- **About this task**
Recreate the listing that follows line for line, without pictures.

- **Data section**
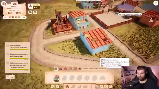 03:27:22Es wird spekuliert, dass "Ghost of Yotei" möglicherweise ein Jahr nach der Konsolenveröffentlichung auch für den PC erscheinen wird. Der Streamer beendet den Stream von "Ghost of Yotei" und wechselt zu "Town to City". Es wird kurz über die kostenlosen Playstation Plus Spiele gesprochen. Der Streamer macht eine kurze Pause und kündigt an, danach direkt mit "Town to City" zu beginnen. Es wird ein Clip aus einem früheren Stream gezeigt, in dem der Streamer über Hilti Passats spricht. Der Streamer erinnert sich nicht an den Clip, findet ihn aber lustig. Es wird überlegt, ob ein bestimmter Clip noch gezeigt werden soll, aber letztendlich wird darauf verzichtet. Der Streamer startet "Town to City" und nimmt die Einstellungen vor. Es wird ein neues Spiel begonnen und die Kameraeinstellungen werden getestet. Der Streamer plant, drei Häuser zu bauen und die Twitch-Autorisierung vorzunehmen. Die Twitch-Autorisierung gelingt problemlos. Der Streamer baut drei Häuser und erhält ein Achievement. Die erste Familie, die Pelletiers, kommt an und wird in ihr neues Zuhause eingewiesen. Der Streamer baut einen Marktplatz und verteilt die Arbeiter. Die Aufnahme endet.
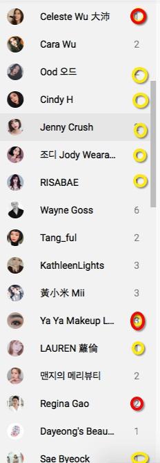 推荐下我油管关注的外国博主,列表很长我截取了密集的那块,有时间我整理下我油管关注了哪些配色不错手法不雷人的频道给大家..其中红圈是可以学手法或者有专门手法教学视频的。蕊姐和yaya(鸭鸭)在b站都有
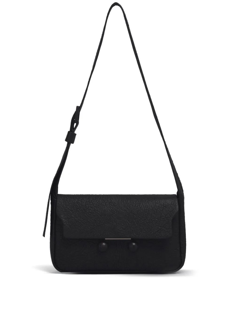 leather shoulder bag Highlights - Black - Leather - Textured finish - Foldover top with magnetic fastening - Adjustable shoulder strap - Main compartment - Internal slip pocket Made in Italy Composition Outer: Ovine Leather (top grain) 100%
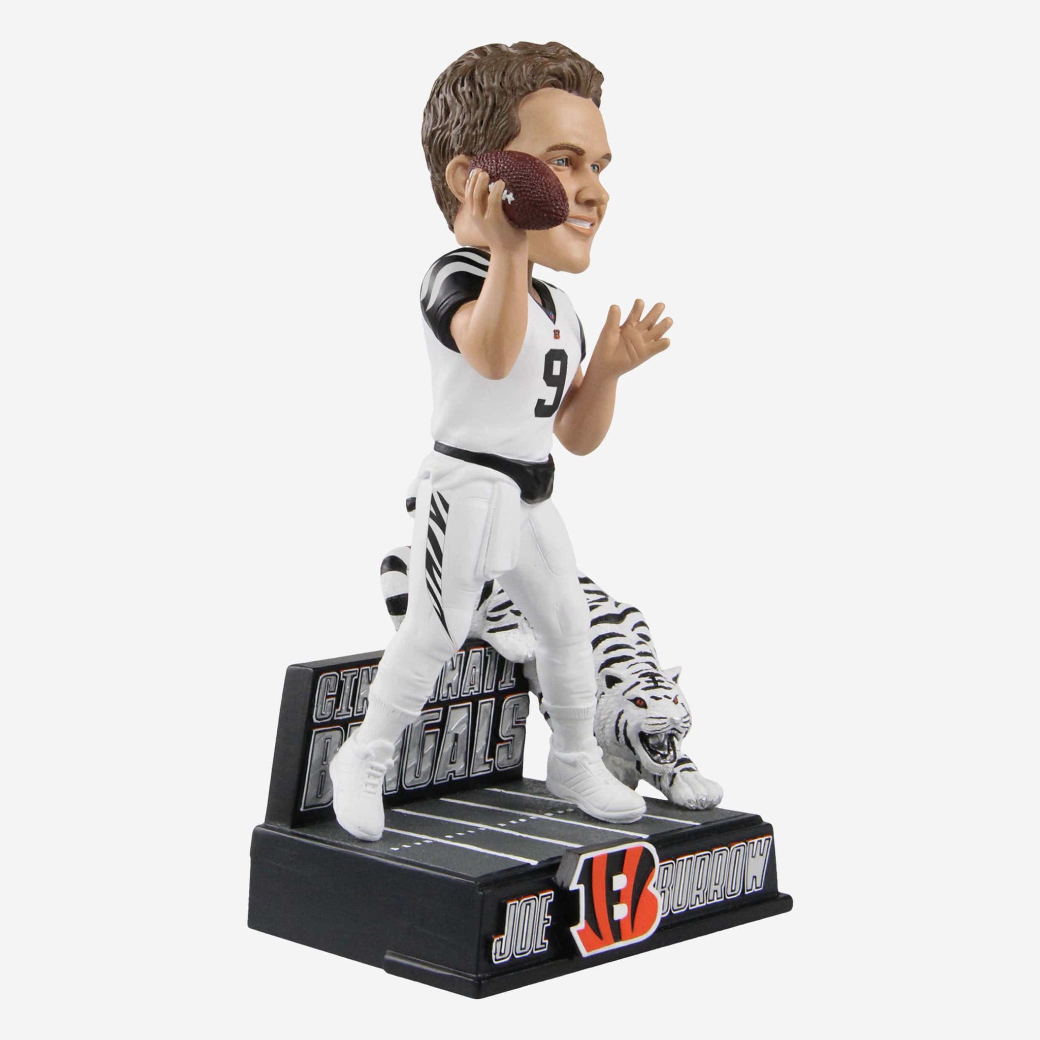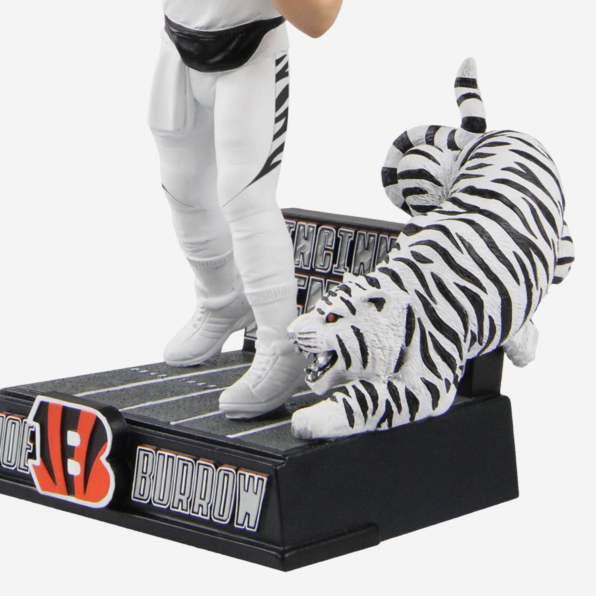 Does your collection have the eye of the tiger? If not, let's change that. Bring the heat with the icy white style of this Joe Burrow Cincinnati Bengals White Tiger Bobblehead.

- **Result**
 03:27:22Es wird spekuliert, dass "Ghost of Yotei" möglicherweise ein Jahr nach der Konsolenveröffentlichung auch für den PC erscheinen wird. Der Streamer beendet den Stream von "Ghost of Yotei" und wechselt zu "Town to City". Es wird kurz über die kostenlosen Playstation Plus Spiele gesprochen. Der Streamer macht eine kurze Pause und kündigt an, danach direkt mit "Town to City" zu beginnen. Es wird ein Clip aus einem früheren Stream gezeigt, in dem der Streamer über Hilti Passats spricht. Der Streamer erinnert sich nicht an den Clip, findet ihn aber lustig. Es wird überlegt, ob ein bestimmter Clip noch gezeigt werden soll, aber letztendlich wird darauf verzichtet. Der Streamer startet "Town to City" und nimmt die Einstellungen vor. Es wird ein neues Spiel begonnen und die Kameraeinstellungen werden getestet. Der Streamer plant, drei Häuser zu bauen und die Twitch-Autorisierung vorzunehmen. Die Twitch-Autorisierung gelingt problemlos. Der Streamer baut drei Häuser und erhält ein Achievement. Die erste Familie, die Pelletiers, kommt an und wird in ihr neues Zuhause eingewiesen. Der Streamer baut einen Marktplatz und verteilt die Arbeiter. Die Aufnahme endet.
 推荐下我油管关注的外国博主,列表很长我截取了密集的那块,有时间我整理下我油管关注了哪些配色不错手法不雷人的频道给大家..其中红圈是可以学手法或者有专门手法教学视频的。蕊姐和yaya(鸭鸭)在b站都有
 leather shoulder bag Highlights - Black - Leather - Textured finish - Foldover top with magnetic fastening - Adjustable shoulder strap - Main compartment - Internal slip pocket Made in Italy Composition Outer: Ovine Leather (top grain) 100%
 Does your collection have the eye of the tiger? If not, let's change that. Bring the heat with the icy white style of this Joe Burrow Cincinnati Bengals White Tiger Bobblehead.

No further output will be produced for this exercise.